Racism again bared its fangs in Natchez, where a black girl working at the Natchez Village confessed that she was afraid to go on the Pilgrimage Trail or to the Civic Center or even to help entertain the voyageurs that night. Traditionally black Southern University, however, held a racial mirror up to the voyageurs themselves. Several undergraduates of the school in Baton Rouge, Louisiana called attention to the fact that none of the voyageurs was black. Even after the men had returned home to the Chicago area, racism followed. Teacher Terry Cox came home discouraged one day after he had heard white students refer to their black counterparts as “spear chuckers,” and he wondered at how little different a northern big city was to a rural southern town.

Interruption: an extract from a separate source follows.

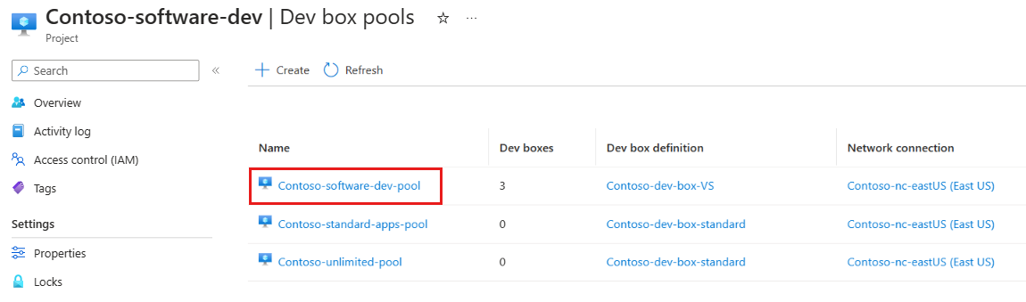 Para gerenciar computadores de desenvolvimento em um pool, você deve acessar o pool por meio do projeto associado. As etapas a seguir mostram como navegar até o pool.
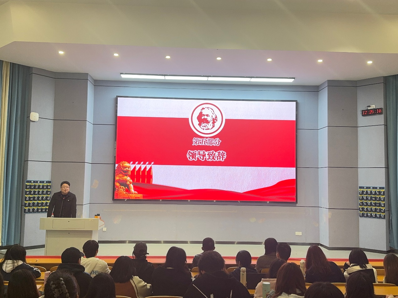 随后是来自23级英语3班的申励岚同学作为新学员代表诚挚发言。“作为新时代的大学生干部,我们深知这次学习机会的重要性。它不仅仅是一次提升自我、充实自我的机会,更是一次实现自我价值、为社会贡献力量的起点。”活动现场,申励岚同学的慷慨陈词鼓舞和激扬着在场的老师和学员们,有力号召着新学员们抓住本次培训的机会,做新时代坚定的马克思主义者,提高作为青年群体的思想政治素质、政策理论水平、创新能力以及实践和组织协调能力。在重重考验中坚定理想信念,逐步成长为新时代中国特色社会主义事业的合格建设者和可靠接班人。

Forty years after La Salle: Expedition II, America seems as divided as ever. We discriminate against those whose great sin lies in being different from us. We make the most negative associations we can about customs, skin color, intellect, disability, religion, height, weight, nationality, disease, athleticism, gender and gender choices. The list is inexhaustible, our intolerance boundless.

It’s bad enough when such hatred comes with a smirk or a prank. It becomes worse when it is excused as a means of protecting our values or our homeland. But the logical extreme of such attitudes is senseless slaughter at a gay nightclub or black church, bombing of a mosque, desecration of a Jewish cemetery, or a “bathroom” law designed to segregate and criminalize transgender children.

During America’s Bicentennial, honoring the truth that “all men (and women) are created equal,” the voyageurs witnessed a nation in transition. But the overt racial and sexual discrimination they saw was not eliminated. It was only driven underground. Today the fear of the different has been given political cover. We can discriminate indiscriminately. All we have to do is say we are doing so

to protect ourselves from rapists and murderers and drug dealers

           or illegal immigrants trying to take our jobs

                             or the threat (??) of transsexuals in our bathrooms. rl/boy wannabes

                                                                                 or radical Islamic terrorism

as if there were no such thing as radical Christian terrorism alive and well in America.

We must all hope, like Lincoln, that we listen to the better angels of our nature and remember the soul of the old hymn: Blest be the tie that binds our hearts in Christian (and American) love.